In 1974, performance art wasn’t “mainstream”, so to speak. It was seen as a fringe art-form, a weird collection of performative body hysterics and interpretative dance. Marina Abramović, one of the most influential and beloved performance artists of all time, resolved to change this perception. How? She stood still.
In her 1974 piece Rhythm 0, Abramović stood still in an art studio in Naples, Italy. Visitors were invited into the room wherein she stood, paralysed, and issued the instructions:
“There are 72 objects on the table that one can use on me as desired.
Performance.
I am the object…
During this period I take full responsibility.”
For 6 hours, Abramović stood, expressionless, in the room. It started innocently. A kiss, a rose from the table placed in her hand, a kiss on the cheek. By the third hour, every thread of cloth had been cut from her body. Her neck had been slashed shallowly and the wound licked.
Abramović maintained her composure through numerous sexual assaults. A flash point came when a protective group formed to stave off some of the more experimental participants, one of whom pressed a gun to her head.
After the 6 hour runtime had elapsed, Abramović re-animated herself. Her most profound recollection of the event, she says, is the horrified and ashamed expression of the people who had violated her as she rose and walked out of the room, bloodied and in restrained tears.

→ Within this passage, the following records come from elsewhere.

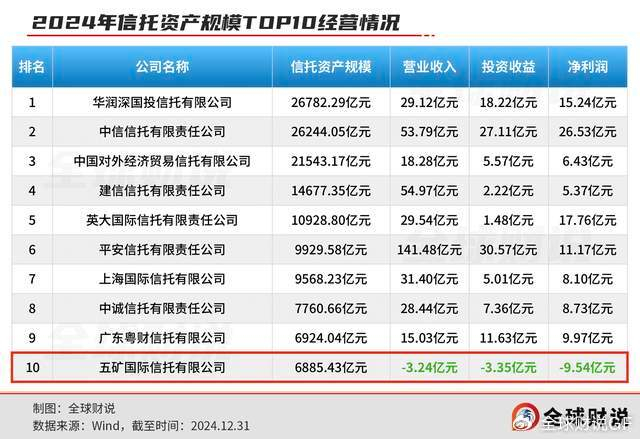 但短短三年间,公司业绩上演“高台跳水”,2024年营业收入为-3.24亿元,净利润为-9.54亿元。Wind数据显示,五矿信托在57家信托公司中营收垫底,也成是唯一一家亏损的头部机构。
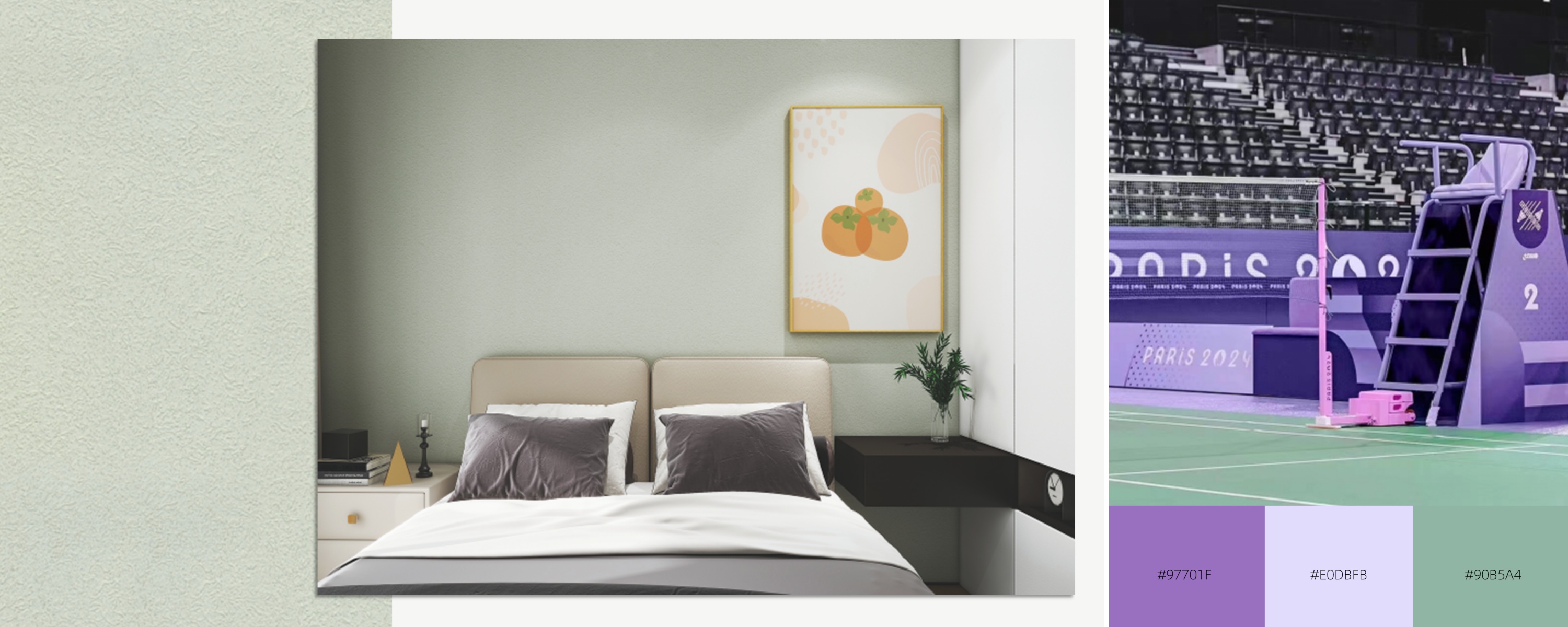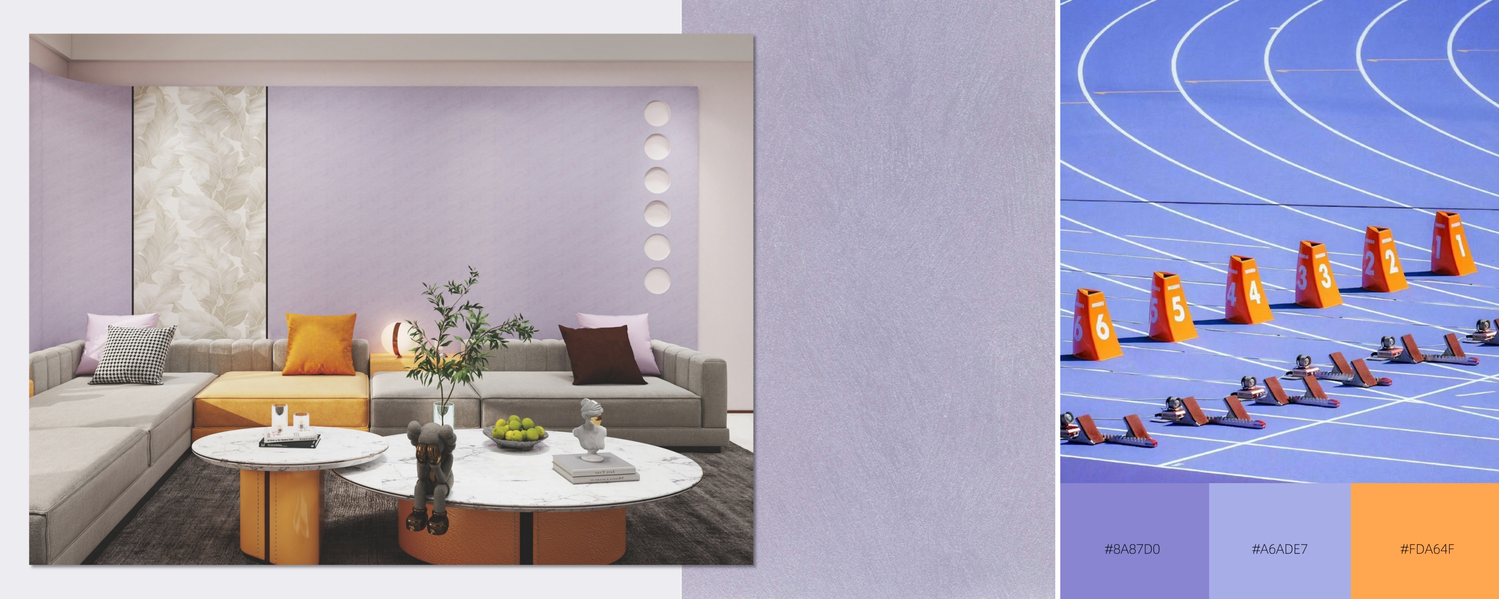 隨著巴黎奧運會這股浪漫前衛的配色風潮席卷而來,我們的家居色彩美學也迎來一場蛻變。而早前,蒙太奇發布的氧寶3.0流行色彩趨勢中,以煥新紫為年度主色調,與巴黎奧運會的主色調紫色巧妙呼應,仿佛是對巴黎奧運會浪漫紫主題的一次精妙預估與深刻共鳴。
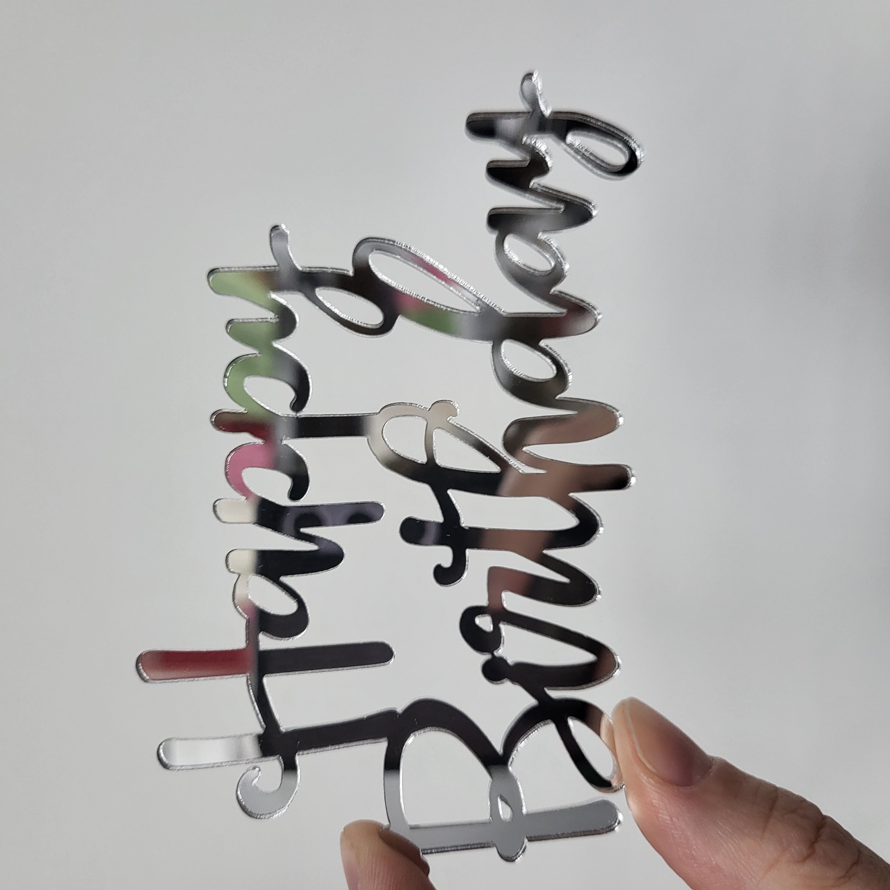 Топпер Happy Birthday прописью (Серебро, Боковина)
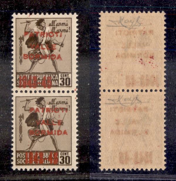 1945 - Soprastampa vermiglio - 30 cent (4A) in coppia verticale con soprastampa superiore spostata a sinistra (varietà c) - gomma integra - non catalogato - Raybaudi
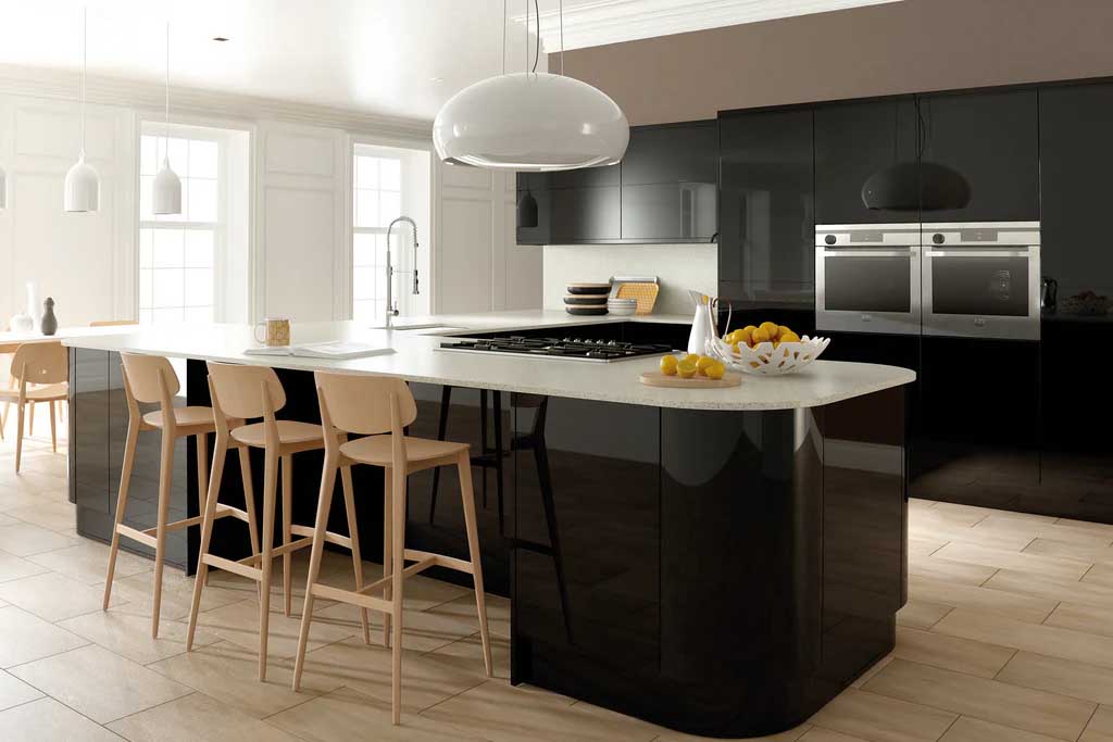 مطمئنا نه! در این حالت باید کابینت هایی با رنگ روشن را در کنار کابینت مشکی نصب کنید که نحوه طراحی آن ها به دو صورت زیر می تواند باشد:
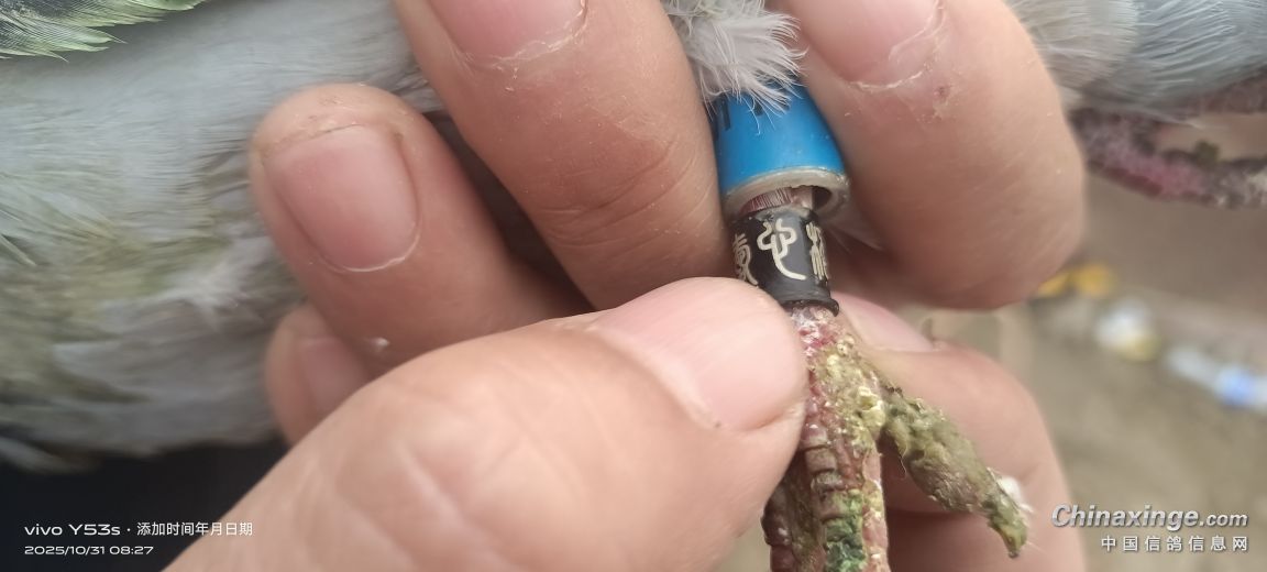 发表了提问 我爱我的信鸽 海上抓了一只天落环号是外文!有认识是哪里的鸽子...
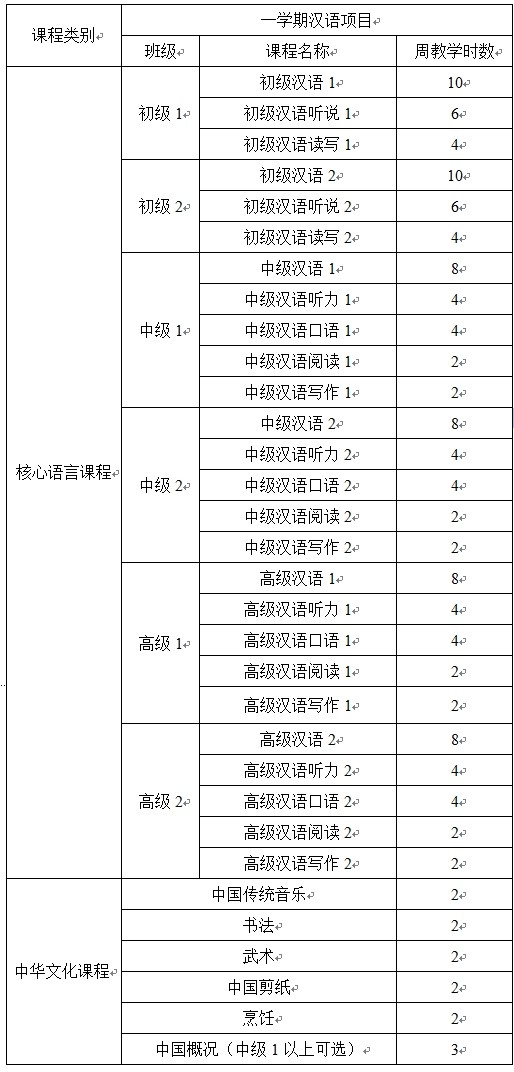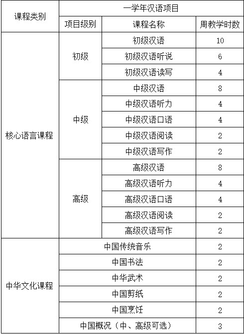 初级汉语(1):培养学生初步的听、说和写的能力,以满足基本的日常生活、学习交流需要,掌握600个左右汉字和部分基本的汉语语法规则
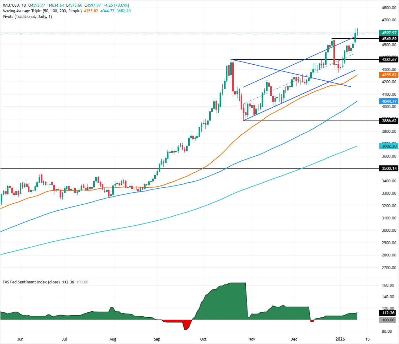 Para una continuación alcista, el Oro debe superar los 4.650$. Por el contrario, si el XAU cae por debajo de 4.550$, esto podría alentar a los vendedores a empujar los precios de nuevo hacia el mínimo intradía de 4.500$, con el umbral de 4.400$ emergiendo como el próximo objetivo clave a la baja.
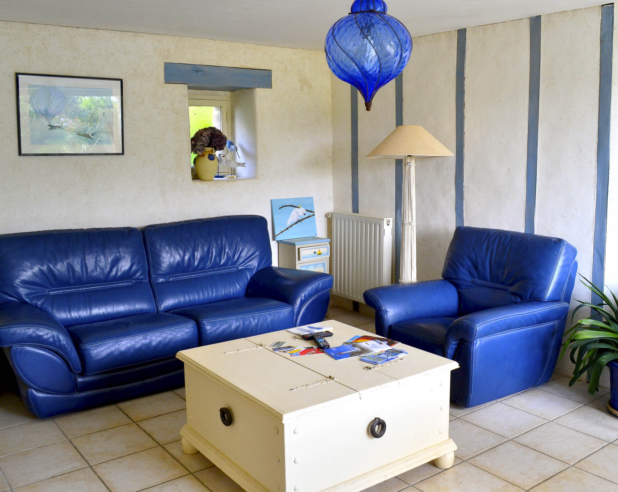 Un salon lumineux, décoré dans un esprit marin bleu et blanc, est réservé pour vos moments d’échange ou de lecture ; une grande baie vitrée ouvre sur le jardin pour profiter pleinement du paysage.
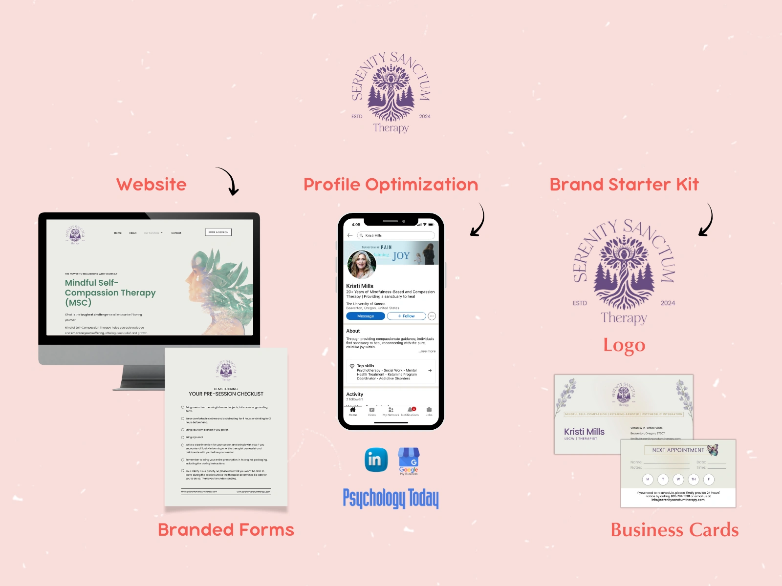 Serenity Sanctum Therapy was a brand-new practice launched by a therapist with no business infrastructure and only a vision. The client didn’t know what to name her practice or where to start. I handled everything from filing the LLC and business license to designing a 7 page website and branded materials like business cards, a logo, and patient intake forms. By setting up her social media, LinkedIn, Psychology Today, and Google Business accounts, I created a strong online presence and brought her dream practice to life. Within just two weeks of launch, the client received 14 inquiries from potential patients.
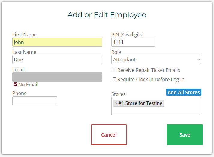 - Email (only if the employee's Role requires an email, otherwise No Email can be checked)
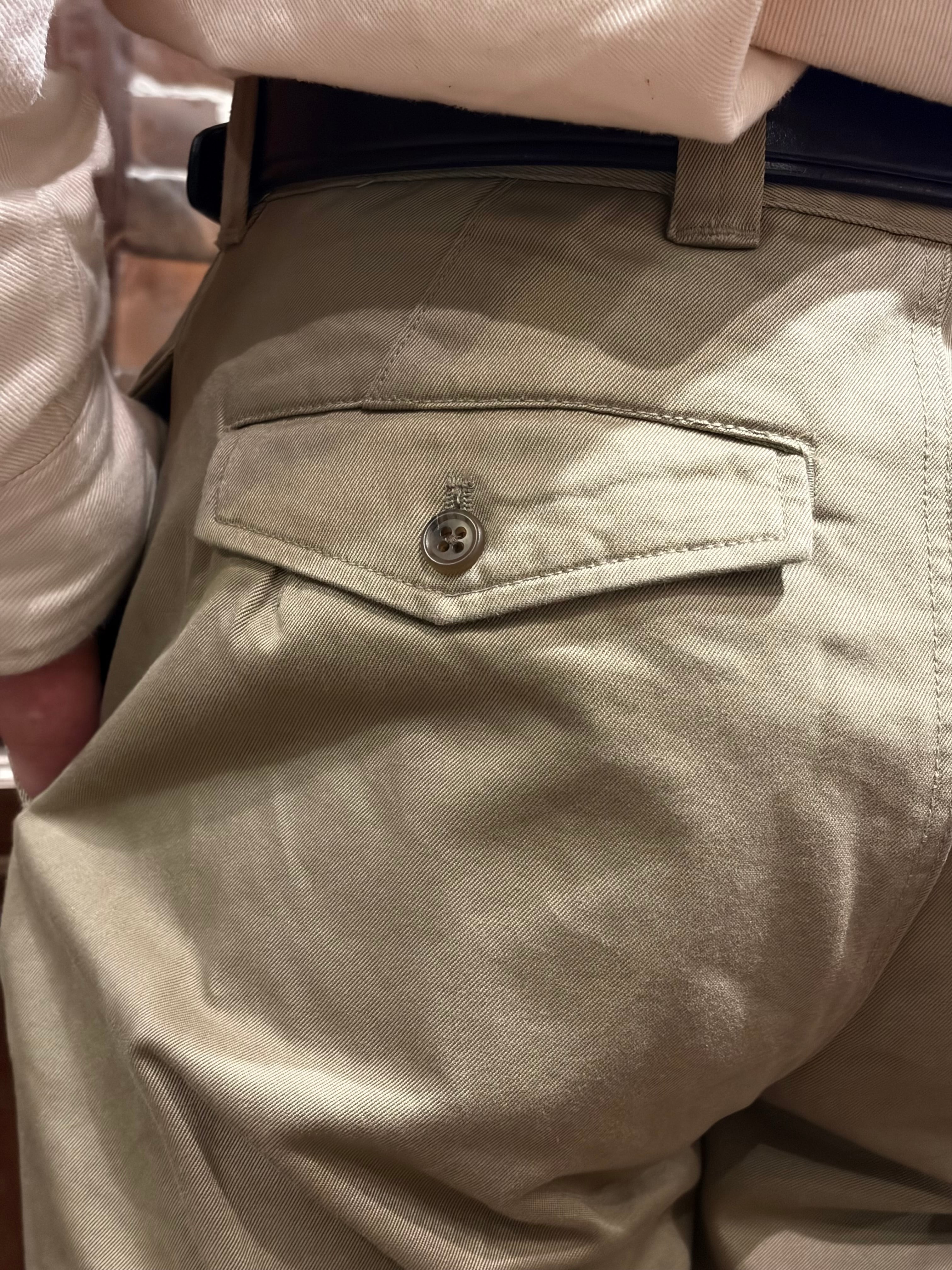 フランスM52パンツの特徴でもあるフロントの2タックが機能的なゆとりとアクセントになり、
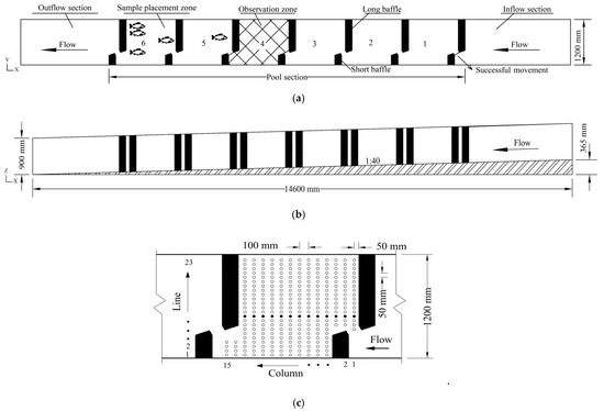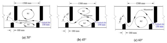 - Li, G.N.; Sun, S.K.; Zhang, C.; Liu, H.T.; Zheng, T.G. Evaluation of flow patterns in vertical slot fishways with different slot positions based on a comparison passage experiment for juvenile grass carp. Ecol. Eng. 2019, 133, 148–159. [Google Scholar] [CrossRef]
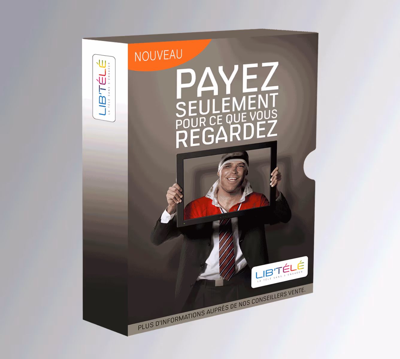 Réalisation de supports de communication visuelle pour Lib'Télé, comprenant conditions générales, coffret produit, kakémonos et brochure commerciale.

The piece is largely considered a masterwork – and a genius experiment in the depth of depravity to which one can sink when they dehumanise others. A definite angle one can take however is that the work constitutes a uniquely feminist image of the female experience, the sexual violence of which is shared in each.
A profound and terrifying work that explores, amongst other things, the fearful indignities men can and will, with opportunity, visit upon women.
In other news, totally unrelated, Bonnie Blue is opening a public petting zoo for herself. I wish I was kidding about that.
She really is opening a public petting zoo, wherein she will sit, allowing people to… I don’t even know; I’m done.
The situations are not exactly alike. Abramović bears all the responsibility for the experiment, but none of the moral responsibility of the men inflicting horrors upon her. Bonnie Blue bears all the responsibility for her petting zoo, and a great deal for the extraordinary wretchedness visited upon her. The preeminent offenders in both cases are obvious though.
A good deal of people don’t care or are just too repelled to contemplate it. Some follow a feminist tradition of rejecting pornography altogether – in alignment with mainstream feminist thinkers like Andrea Dworkin and Cathraine Mackinnon – and view Bonnie Blue’s actions as contributing to a pall against women.
For me, the parallel, whilst not exact, is striking and nauseating. I can’t and will not define exactly why something between consenting adults (thousands of them, actually) is so abhorrent. I only know that it is, and it seems a great deal of women agree, perhaps for the aforementioned reasons.
Again though, where are the men in all this? Speaking as one: I wasn’t there, honest. Cause why in the name of sweet gentle christ would I be? Why would any of us? A whole thousand. What are we doing? Why is this so funny for some of us? Why aren’t we more grossed out? Why is one woman carrying water for the disgust of a generation and not men? Why aren’t we shaming each other, discouraging?
One final question: if your contention is that this is normal, it’s fine, nothing shameful, blah blah blah. Then, let me ask: why the f*ck do so many of these protoplasmic amoebas wear masks?